Opere: Oltre a quelle che sono state già citate si ricordano le seguenti: Poesie, Bologna 1786; Li veri adoratori adorano in spirito e Verità, ibid. 1793; Di qual modo usar si debba delle acque Porrettane. Canto bernesco, Imola 1820; Disamina degli Elementi di zoologia dei signor abbate Camillo Ranzani, Forlì 1820; Discorso intorno alla prima parte dei secondo tomo di Elementare zoologia del prof. abbate C. Ranzani,Imola 1820; Sonetti di autori bolognesi, pubblicati da U. B. e P. Costa, Bologna 1821; Fra l'illustrissimo consiglio dei partecipanti e il signor L. Borghi, Risposta a favore del detto consiglio, ibid. 1821; Lettera apologetica al signor avv. V. Amici, Pesaro 1823; Osservazioni critiche sull'operetta del prof. F. Orioli intorno l'intendimento del cane e degli altri bruti, Roma 1824 (estr. del Giornale Arcadico, XXI, 2, 1820); Commedie, Bologna 1825; Versi, ibid. 1825.
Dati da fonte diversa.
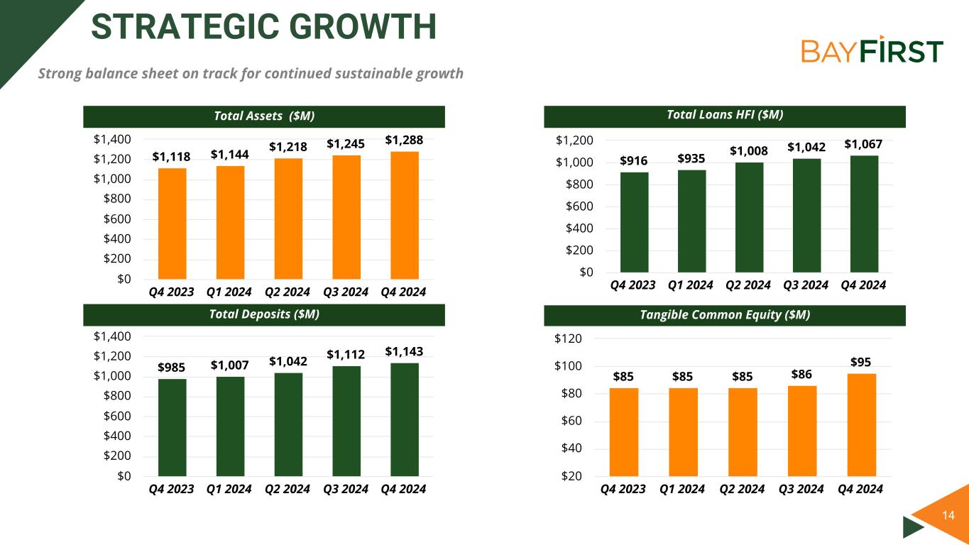 13 Q4 2024 As of and For the Three Months Ended As of and For the Year Ended 12/31/2024 9/30/2024 12/31/2023 12/31/2024 12/31/2023 Return on average assets(1) 3.07 % 0.37 % 0.60 % 1.05 % 0.54 % Return on average common equity(1) 42.71 % 3.48 % 6.37 % 12.84 % 5.87 % Tangible book value per common share $ 22.95 $ 20.86 $ 20.60 $ 22.95 $ 20.60 Diluted earnings per common share $ 2.11 $ 0.18 $ 0.32 $ 2.62 $ 1.12 Dividend payout ratio 3.52 % 43.98 % 25.03 % 11.96 % 27.70 % Total Capital (to risk-weighted assets)(2) 12.14 % 11.39 % 13.03 % 12.14 % 13.03 % Common Equity Tier 1 Capital (to risk- weighted assets)(2) 10.89 % 10.14 % 11.77 % 10.89 % 11.77 % Tier 1 Capital (to total assets)(2) 8.82 % 8.41 % 9.38 % 8.82 % 9.38 % Nonperforming loans (excl gov’t gtd balance)/total loans held for investment(3) 1.35 % 1.15 % 1.00 % 1.35 % 1.00 % ACL/Total loans held for investment at amortized cost 1.54 % 1.48 % 1.64 % 1.54 % 1.64 % (1) Annualized (2) Capital Ratios are at the Bank (3) Excludes loans measured at fair value
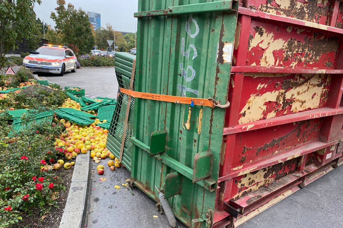 Die Äpfel mussten von Hand aufgelesen und der umgekippte Anhänger durch ein privates Abschleppunternehmen geborgen werden. Durch den Unfall kam es rund um den Kreisel zu Verkehrsbehinderungen. Eine Umleitung wurde eingerichtet.

Bibl.: G.Salvainoli Marchetti, necrologio, in Giornale Arcadico di sc. lett., ed arti, XXXVIII(1828), pp. 392-395; E. De Tipaldo, Biografia degli italiani illustri, I, Venezia 1834, pp. 40 s.; C. Pepoli, Ricordanze biografiche…, I, Bologna 1881, pp. 1-88; C. Tivaroni, L'Italia durante il dominio francese (1789-1815), I, Torino-Roma 1899, p. 371; Id., L'Italia durante il dominio austriaco (1815-1849), II, Torino-Roma 1892, p. 113; G. Vicini, G. Vicini giuriconsulto e legislatore…, Bologna 1897, pp. 191-93; A. Sorbelli, Opuscoli, stampe alla macchia e fogli volanti…, Firenze 1927, pp. XXIX s.; G. Vincenti Mareri, Un diplomatico del secolo decimottavo…, Milano 1931, pp. 228, 316, 320, 325, 332 e n. 1, 335, 392; L. Simeoni, Storia dell'univ. di Bologna, II, Bologna 1940, pp. 130, 146; D. Lanciotti, Il gov. delle provincie unite ital., Roma 1941, p. 110; L. Pásztor-P. Pirri, L'Arch. dei governi provvisori di Bologna e delle Prov. unite del 1831, Città del Vaticano 1956, p. 526; A. Berselli, Movimenti politici a Bologna dal 1815 al 1853, in Boll. del Museo del Risorg., Convegno di Studi sul Risorgimento, Roma 1961, pp. 216 s.; A. Sorbelli-G. Mazzatinti, Inventari dei manoscritti delle bibl. ital., XLIII, p. 48.